It would be a bad practice, because it introduces a dependency on a subtle assumption that is hard to document and hard to remember accurately: namely, that the values maintained in this place are any strings without spaces in them. This is almost the same as "any strings", and the former definition will inevitably be mistaken for the latter one day.
Configuration values like these will almost certainly have to change as a system develops. Storing them this way will work fine until one day, new data violate the unspoken assumption and introduce a defect. Note that the defect will probably be subtle: values before the string with the space in it will still be processed correctly, and the ones afterwards will appear in slightly the wrong position, only the value itself will be missing and two or more others will take its place.
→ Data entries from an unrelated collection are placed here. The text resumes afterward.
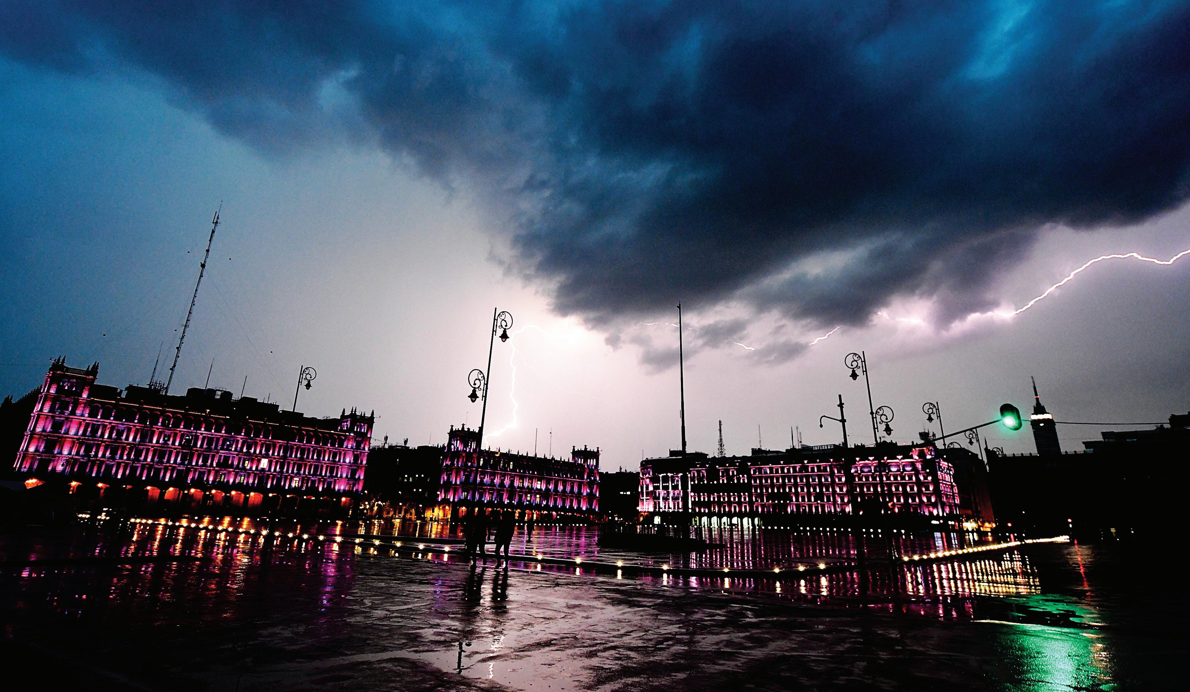 Una tormenta atípica se registró en la CDMX con intenso granizo y repetidos relámpagos que iluminaron de manera dramática la plancha del Zócalo en plena pandemia de COVID-19. Lucía una tarde de miedo: a pesar de la lluvia había una tormenta eléctrica pocas veces vista, así que me ubiqué en una esquina de la plaza, preparé mi cámara con un gran angular, realicé los ajustes necesarios: sensibilidad del sensor, velocidad de obturación y apertura del diafragma. Sabía que si lograba obtener la imagen sería fantástica.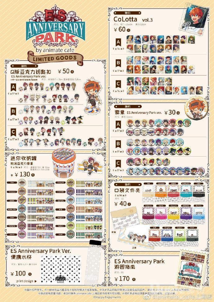 限定周边贩售 把偶像们抱回家在主题咖啡厅,还有多款《偶像梦幻祭2》周边贩售!萌萌的Q版钥匙扣、颜值超高的迷你收纳罐、好看又实用的ES Anniversary Park Ver.水杯、款式超多的的Colotta、经典的徽章……多款周边任你选择,各位制作人们千万不要错过!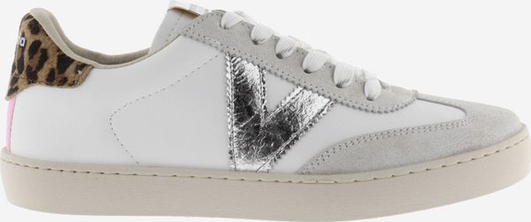 "Discover stylish elegance and sustainability with this unique sneaker that is made in Spain. The women's sneaker combines a sophisticated white leather look with refined suedeelements in a craquelureu00e9look. A metallic "V" from Victoria adorns the side and provides a modern accent". The heel area impresses with an eye-catching animal print that gives the shoe an extra dose of character"
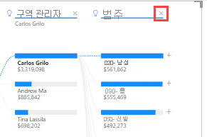 해당 제목 옆에 있는 X 를 선택하여 차원을 삭제할 수 있습니다.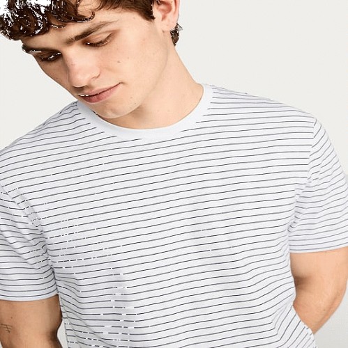 Pure Cotton Heavyweight Stripe Print T-Shirt in Grey Marl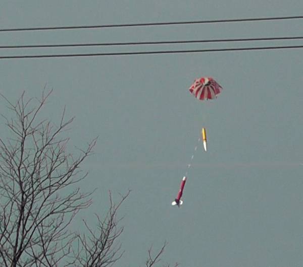 The Estes Aero-Hi safely avoids wire and tree to return its Iris payload.Alright, it wasn't really close at all. It is just the perspective obtained by using a very long focal length lens. It was actually hundreds of feet in front of those hazzards. ...but that was not the case in the following week! |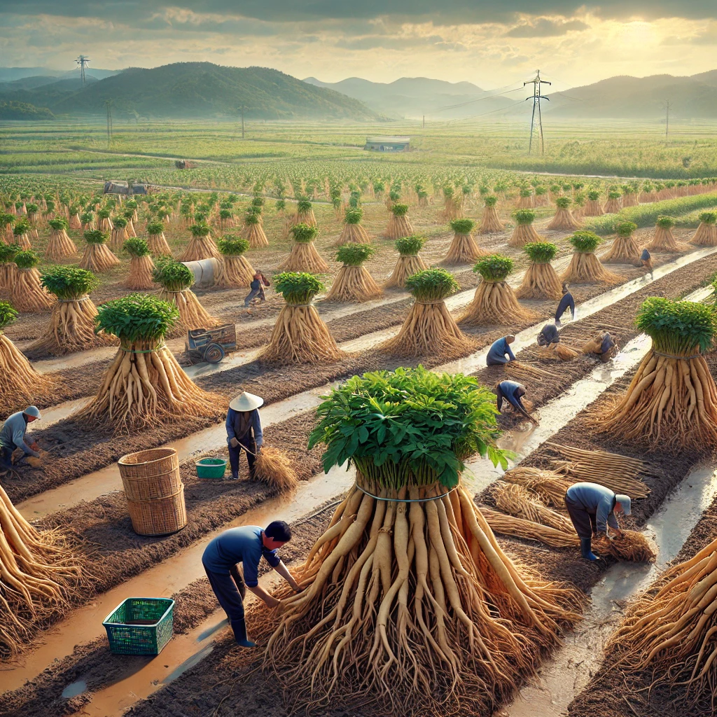한국 인삼, 흔히 "고려인삼"으로 알려진 인삼은 그 품질과 효능으로 세계적으로 높은 평가를 받고 있습니다. 한국은 인삼 재배의 오랜 전통을 가지고 있으며, 특히 인삼을 6년간 재배한 후 수확하는 것이 일반적입니다.

In a way, subtle preconditions and subtle defects like this are much worse than obvious ones. Glaring errors are noticed quickly and eradicated quickly. A misbehaviour like this is liable to go unnoticed for quite some time and do damage that won't immediately be known, until it can't be easily repaired and the cause can't be easily found because the programmer who constructed the storage method has moved on.
(What, then, should one do to store large numbers of string literals? Unless your language has a quote-less construct like Lisp lists or Perl's
qw() operator, you are almost certainly better off holding string values in a properties file or a database than spelling them out in code. There are other reasons why this is a good idea, but avoiding methods that are either hard to read or subtly problematic is reason enough.)